=== Task directions ===
Leaving the pictures aside, repeat each line below exactly.

=== Dataset excerpt ===
--
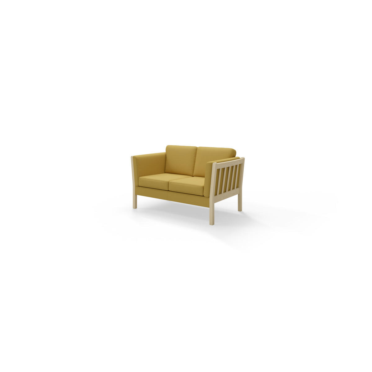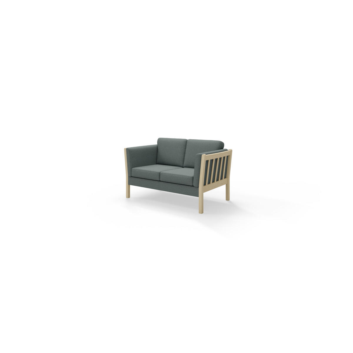Mitat: 144x82 cm. Istuinkorkeus 44 cm, istuinsyvyys 53 cm. Selkänojan kokonaiskorkeus 83 cm. Tyynyissä vaahtomuovitäyte ja rungossa nozag-jousitus. Värivaihtoehtoina sininen, harmaa ja punainen. Irrotettavat päälliset pestävissä 30 °C:ssa. Jalat mustaksi maalattua koivua.
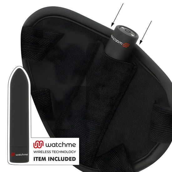 Ce modèle cyberstrap est plus avancé, il comprend un vibromasseur télécommandé qui s'active simultanément avec le gode, procurant des vibrations aux deux personnes. Le vibrateur est inséré à l’intérieur du harnais lui-même, directement dans la zone vaginale sensible.
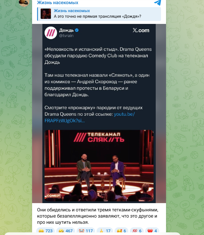 В телеканале "Слякоть" себя опознал беглый "Дождь"*, о чём тут же оповестил либеральную – и не только – общественность. Классическое, идеальное "это другое". Либеральные журналисты очень обиделись, что про них сняли пародию, и попытались уколоть одного из комиков.
--
=== Solution to the exercise ===
Mitat: 144x82 cm. Istuinkorkeus 44 cm, istuinsyvyys 53 cm. Selkänojan kokonaiskorkeus 83 cm. Tyynyissä vaahtomuovitäyte ja rungossa nozag-jousitus. Värivaihtoehtoina sininen, harmaa ja punainen. Irrotettavat päälliset pestävissä 30 °C:ssa. Jalat mustaksi maalattua koivua.
 Ce modèle cyberstrap est plus avancé, il comprend un vibromasseur télécommandé qui s'active simultanément avec le gode, procurant des vibrations aux deux personnes. Le vibrateur est inséré à l’intérieur du harnais lui-même, directement dans la zone vaginale sensible.
 В телеканале "Слякоть" себя опознал беглый "Дождь"*, о чём тут же оповестил либеральную – и не только – общественность. Классическое, идеальное "это другое". Либеральные журналисты очень обиделись, что про них сняли пародию, и попытались уколоть одного из комиков.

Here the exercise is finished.